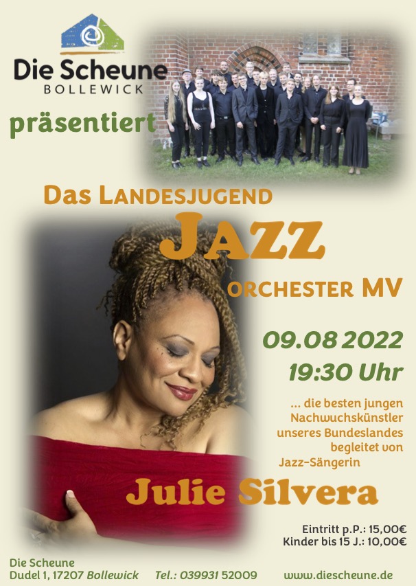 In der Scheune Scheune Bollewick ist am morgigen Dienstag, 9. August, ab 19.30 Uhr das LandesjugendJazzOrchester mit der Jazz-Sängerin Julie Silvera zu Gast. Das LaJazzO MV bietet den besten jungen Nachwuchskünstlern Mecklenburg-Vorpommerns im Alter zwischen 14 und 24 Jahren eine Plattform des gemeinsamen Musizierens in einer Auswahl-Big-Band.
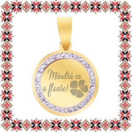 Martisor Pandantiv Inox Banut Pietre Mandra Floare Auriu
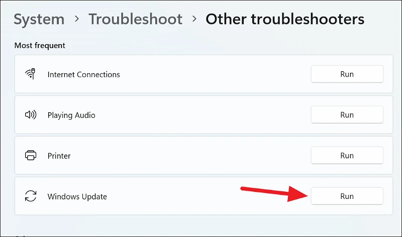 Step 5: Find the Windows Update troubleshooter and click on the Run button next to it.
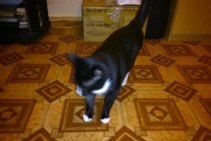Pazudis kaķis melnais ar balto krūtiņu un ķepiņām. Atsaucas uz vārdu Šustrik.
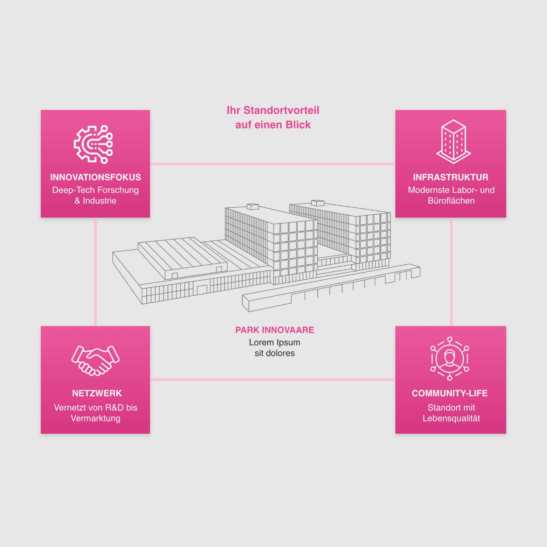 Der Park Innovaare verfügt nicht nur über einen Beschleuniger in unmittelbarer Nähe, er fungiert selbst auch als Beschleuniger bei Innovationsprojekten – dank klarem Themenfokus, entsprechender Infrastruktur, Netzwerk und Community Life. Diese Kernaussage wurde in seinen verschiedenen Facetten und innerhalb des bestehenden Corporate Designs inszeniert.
========
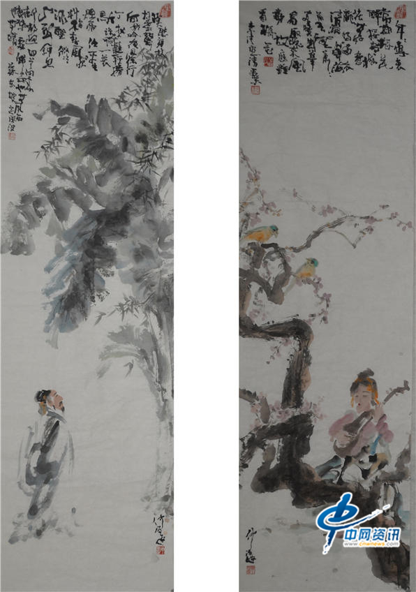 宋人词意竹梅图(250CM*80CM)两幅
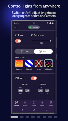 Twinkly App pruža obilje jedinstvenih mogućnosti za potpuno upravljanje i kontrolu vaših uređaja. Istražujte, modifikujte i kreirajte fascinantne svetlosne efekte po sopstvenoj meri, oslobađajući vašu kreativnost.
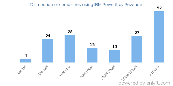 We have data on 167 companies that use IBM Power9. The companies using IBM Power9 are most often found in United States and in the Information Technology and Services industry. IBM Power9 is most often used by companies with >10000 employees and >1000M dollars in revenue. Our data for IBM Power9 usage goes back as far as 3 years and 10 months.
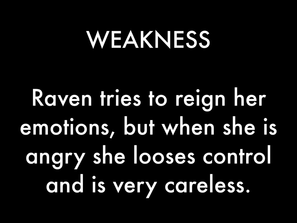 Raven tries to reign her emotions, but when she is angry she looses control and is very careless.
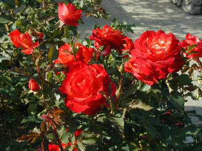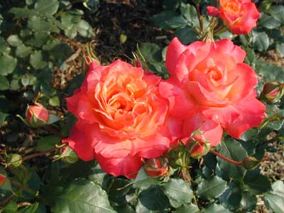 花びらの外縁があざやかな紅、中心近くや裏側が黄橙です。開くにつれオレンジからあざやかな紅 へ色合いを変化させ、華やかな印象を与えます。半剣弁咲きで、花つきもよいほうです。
========
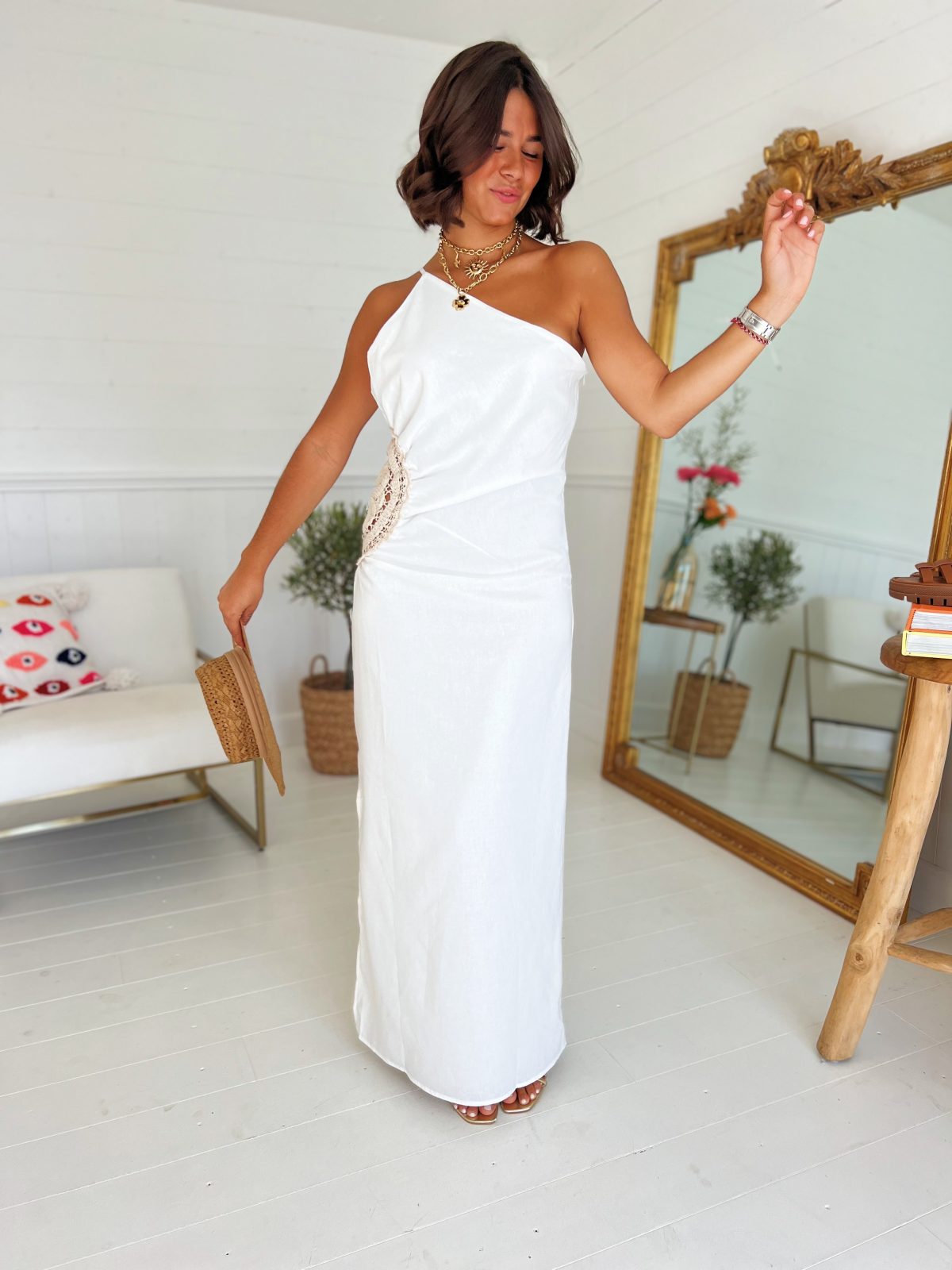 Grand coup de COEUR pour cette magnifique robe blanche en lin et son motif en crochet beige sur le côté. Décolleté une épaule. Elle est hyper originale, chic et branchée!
========
• _Activity_: Your answer must be the lines above from the one holding "Raven tries to" up to and including the one holding "花びらの外縁があざやかな紅、", exact and with no pictures.

• _Answer box_:
 Raven tries to reign her emotions, but when she is angry she looses control and is very careless.
 花びらの外縁があざやかな紅、中心近くや裏側が黄橙です。開くにつれオレンジからあざやかな紅 へ色合いを変化させ、華やかな印象を与えます。半剣弁咲きで、花つきもよいほうです。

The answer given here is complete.